I would love it if anybody who knows more of the real details would come along and fill me in, but from where the Delphi user sat, this is what the whole Inprise thing looked like to us:

Borland in the early days was Philipp Kahn's company.  It was a software company that sold general utilities for microcomputer users.   For DOS, there was  SideKick, an early "PIM" (personal information management) program for DOS, launched in 1983, the same year that TurboPascal was first launched.  You may remember that TurboPascal first was a CP/M tool.  Originally written for Z80 by Anders Hejlsberg, and running on a single board Zilog Z80 CPU based hobbyist computer called the NasCom, that few of us ever heard of,  what became TurboPascal later was originally known as BLS Pascal. When  this code was ported from Z80 to 8086, and the incredibly successful TurboPascal for DOS was born.  That same compiler codebase was used in the creation of Delphi 1.0 for Windows 3.0 (16 bit), and Delphi 2.0 for Windows 95 (32 bit).    I started using TurboPascal around version 5.0, and remember being very excited when TurboPascal 5.5 came out, which included this new Object Oriented stuff.   I believe I paid less than $100 for TurboPascal 5.5 from my campus computer store, and it came in a very large box, with a lot of very nice manuals.    In the DOS era, paper manuals were an essential programming tool.  Online help on an 80x25 or 80x43 EGA DOS text screen was not much of a "help" to programmers, and I relied heavily on the paper manuals while learning and using the system.

 Borland sold millions of copies of TurboPascal in the DOS era.  So from a humble hobby-computing market, they got big.  What happens when companies succeed financially and start getting bigger?  I guess they hire a lot of people, promote some of them to middle management, and generally bloat out from their humble startup days and into their days of fat.  At microsoft, famously at one point, there were more than 10 levels of middle and product and senior management between each developer and the CEO.   I have no inside information on life at Borland circa 1995 (Delphi 1), or when the Inprise debacle started, during the Del Yocam era, in 1998.  I have heard some tales but I will not repeat them.

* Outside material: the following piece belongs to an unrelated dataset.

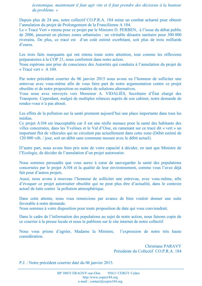 Nous sommes persuadés que vous aurez à cœur de sauvegarder la santé des populations concernées par le projet A104 et la qualité de leur environnement, comme vous l’avez déjà fait pour d’autres projets.
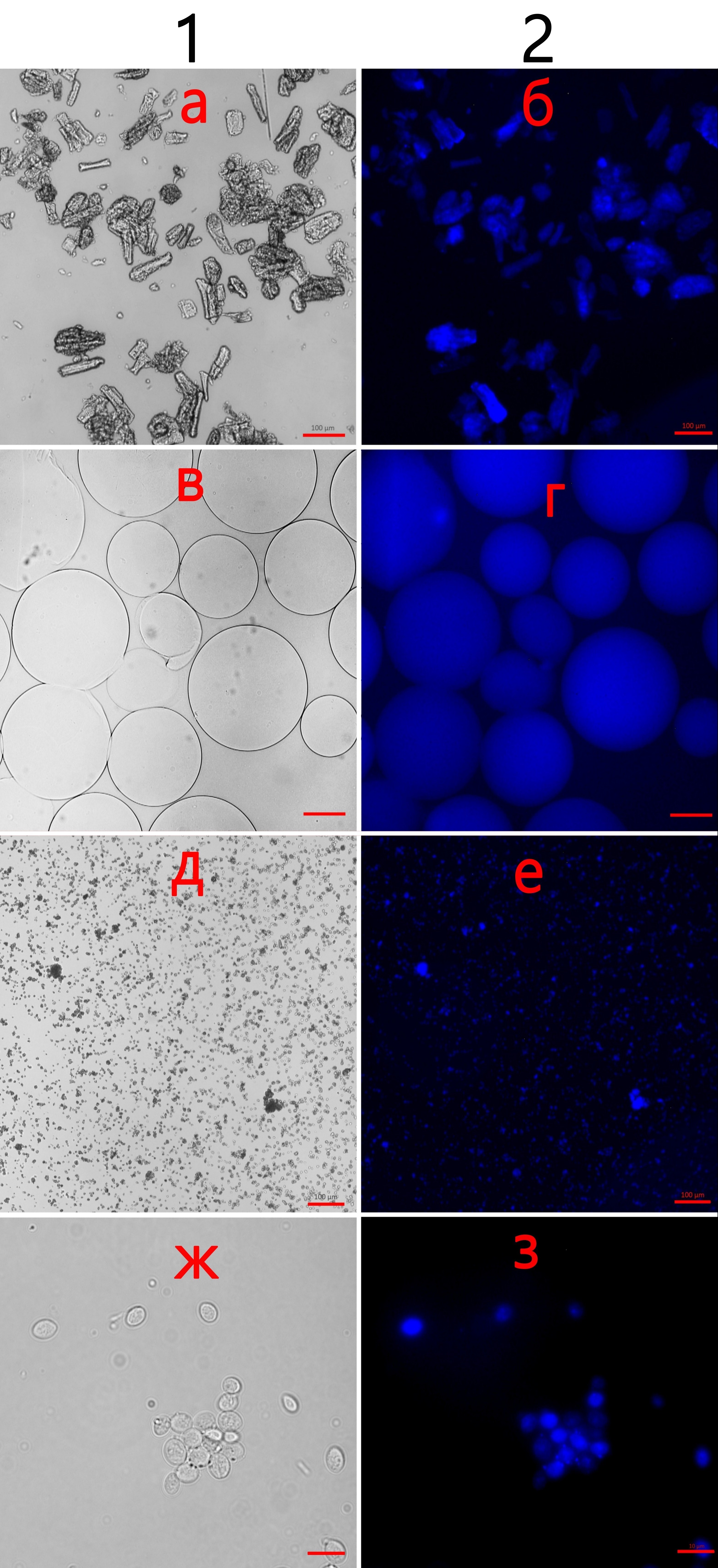 Рисунок 2 - Внешний вид (столбец 1) и флуоресценция (столбец 2) разных типов носителей с адсорбированным синим флуорофором из базидиомицета N. nambi:

Instead I wish to reflect on the simple fact that by renaming yourself and abandoning your constituency, you alienate all your current customers.  There were actions by Borland staffers and corporate leadership prior to 1998 that alienated some DOS and early-Windows-era customers, but the Inprise era is spectacular for the sheer ineptitude and bad timing of the move. As a person who often wonders why Delphi did not achieve more corporate traction than it did,  the later JBuilder-is-the-future fiasco is still second in the list of disasters to the "Abandonment of Borland brand" inspired under Del Yocam's time leading Borland.   On the internet newsgroups,  and at Delphi user groups, the move to the "Inprise" name was met with shock.   Why did the community even care? It's just a name, after all.

No, it wasn't. The "Inprise" name change was basically a message that "We're not that DOS era tools company anymore, and we think we're ready to move into big ticket Enterprise software".   The enterprise software enterprise failed.  Inprise failed. Borland failed.  Later on Borland went chasing after ALM (application lifecycle management) as a new Enterprise era, and abandoned codegear, and Embarcadero picked it up for a song.

So, what is this Enterprise level tools software that every software developer who wants to build enterprise software needs? This is very much still an open question.   Enterprise software development tools, if you will forgive me for answering my own question, are "Snake Oil", pure and simple. Large companies in general need all the same software development tools and functionality that medium and small companies have.  Yes they have the money to buy a high end edition, if that higher edition really helps, and those higher editions exist, and yes people buy them.  I am not saying that nobody buys it.   I'm saying that the tools don't deliver a measurable Enterprise productivity boost that they promise.  In short, I am saying that no high end $5000 development tool provides quite as much inside the box as it promises on the outside of the box and that the claims of "Enterprise" software products often outstrip what they can really deliver.    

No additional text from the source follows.